= John Fryatt =

British actor and opera singer (1927–2011)

Fryatt as Dr. Graham in English Eccentrics, 1964

John James Fryatt (7 July 1927 – 7 January 2011) was an English actor and opera singer best known for his performance in comic character roles.

Fryatt began his career with the D'Oyly Carte Opera Company in 1952 in Gilbert and Sullivan roles, then Sadler's Wells Opera in 1959, becoming popular in tenor character roles in Offenbach operettas. His international opera career continued from the 1960s to the 1990s, becoming known in the roles of Don Basilio in The Marriage of Figaro and Sellem in The Rake's Progress, among many others. He also played a role in the West End as Roscoe in the 1987 production of Follies.

==Early life and career==
Fryatt was born in York. From 1950, he studied privately with Frank Titterton and subsequently with Joseph Hislop.

He was engaged by the D'Oyly Carte Opera Company in January 1952, playing Gilbert and Sullivan chorus roles. His first named role there, in 1953, was the small tenor part of the First Citizen in The Yeomen of the Guard. The next year, he was also given the role of Francesco in The Gondoliers. His first leading role was Prince Hilarion in Princess Ida in 1954, followed the next year by the Defendant in Trial by Jury, and he was also given the role of Leonard Meryll in Yeomen. That year, he also occasionally began to play the roles of Ralph Rackstraw in H.M.S. Pinafore, Frederic in The Pirates of Penzance, and Nanki-Poo in The Mikado. In 1957, he was also given the larger role of Luiz in The Gondoliers, while still playing some chorus parts. He also had occasion to play Earl Tolloller in Iolanthe and the Duke of Dunstable in Patience. He left the D'Oyly Carte company in 1959.

Fryatt joined Sadler's Wells Opera in 1959, beginning in the chorus, and became associated with tenor character roles in Wendy Toye's productions of Offenbach operettas in the 1960s. These included the Brazilian in La Vie parisienne, the title role in Orpheus in the Underworld, Menelaus in La belle Hélène and King Bobêche in Bluebeard. Other roles included Pedrillo in The Seraglio, Guillot in Manon, Spalanzani in The Tales of Hoffmann, Monostatos in The Magic Flute and, in the British premiere of Janáček's The Makropulos Case, Count Hauk-Šendorf. He repeated some of his Offenbach roles at the London Coliseum when the Sadler's Wells company became English National Opera (ENO). In 1964 he created the role of Dr.

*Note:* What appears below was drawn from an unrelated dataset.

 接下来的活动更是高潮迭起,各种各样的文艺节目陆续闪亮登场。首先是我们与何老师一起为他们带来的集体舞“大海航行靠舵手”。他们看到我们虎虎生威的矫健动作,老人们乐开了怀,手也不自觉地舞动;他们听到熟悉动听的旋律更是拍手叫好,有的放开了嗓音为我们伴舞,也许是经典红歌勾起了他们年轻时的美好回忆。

Graham in Malcolm Williamson's opera English Eccentrics, and was singled out by the reviewer Andrew Porter as "deserving special mention". He also created the role of the mute Trim in The Mines of Sulphur in 1965, reprising it with Opera North in 1980. With The New Opera Company, he sang the roles of Mephisto and Jacob Glock in the 1965 British stage premiere of Prokofiev's The Fiery Angel.

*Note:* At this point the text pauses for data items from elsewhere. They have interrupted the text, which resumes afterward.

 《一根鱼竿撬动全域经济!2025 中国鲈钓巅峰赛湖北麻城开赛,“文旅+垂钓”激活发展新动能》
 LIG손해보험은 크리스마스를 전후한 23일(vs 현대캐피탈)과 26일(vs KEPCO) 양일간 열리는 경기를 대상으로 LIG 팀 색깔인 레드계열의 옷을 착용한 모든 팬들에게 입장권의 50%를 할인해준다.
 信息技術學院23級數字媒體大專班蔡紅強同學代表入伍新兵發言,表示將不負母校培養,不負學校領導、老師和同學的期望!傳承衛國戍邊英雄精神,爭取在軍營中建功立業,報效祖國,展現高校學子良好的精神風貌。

He occasionally revisited Gilbert and Sullivan, singing the roles of Cyril in Princess Ida, Richard Dauntless in Ruddigore, and Marco in The Gondoliers, in 1966 for BBC radio, and appearing in the 1982 Brent Walker television productions of Cox and Box (as Mr. Box) and Patience (as Archibald Grosvenor). He returned to Sadler's Wells in 1984 to play the Duke of Plaza-Toro in The Gondoliers. In The Musical Times in 1984, the reviewer Andrew Lamb called Fryatt "a highly amusing North Country Duke of Plaza-Toro."

==Later years==
Fryatt became known for his portrayal of Don Basilio in The Marriage of Figaro, singing the role at ENO, Glyndebourne Festival Opera and at various opera houses in Britain, Europe and America. In some productions of the opera he played Don Curzio as well as Basilio. He recorded the part of Don Basilio in a cast headed by Dietrich Fischer-Dieskau, Heather Harper and Geraint Evans, conducted by Daniel Barenboim in 1977. Also at Glyndebourne he sang in Il ritorno d'Ulisse in patria, Monsieur Triquet in Eugene Onegin and Sellem in The Rake's Progress, praised by The Independent for his "classic timing". There he also created the role of Captain Lillywhite in the premiere of The Rising of the Moon (1970). He appeared at Rome Opera as Sellem in The Rake's Progress, at Carnegie Hall, as Sportin' Life in Porgy and Bess, with Amsterdam Opera, as Goro in Madama Butterfly and in several character roles at Santa Fe Opera. At London's Royal Opera House, he sang the Dancing Master in Manon Lescaut. One of his last operatic roles was the Emperor Altoum in Turandot, which he played for ENO in 1995. Rodney Milnes, writing in The Times praised Fryatt's performance: "often on a thread of sound, he made every single word tell, he was thinking them, and for a brief moment Turandot sprang into life as living drama rather than just noise."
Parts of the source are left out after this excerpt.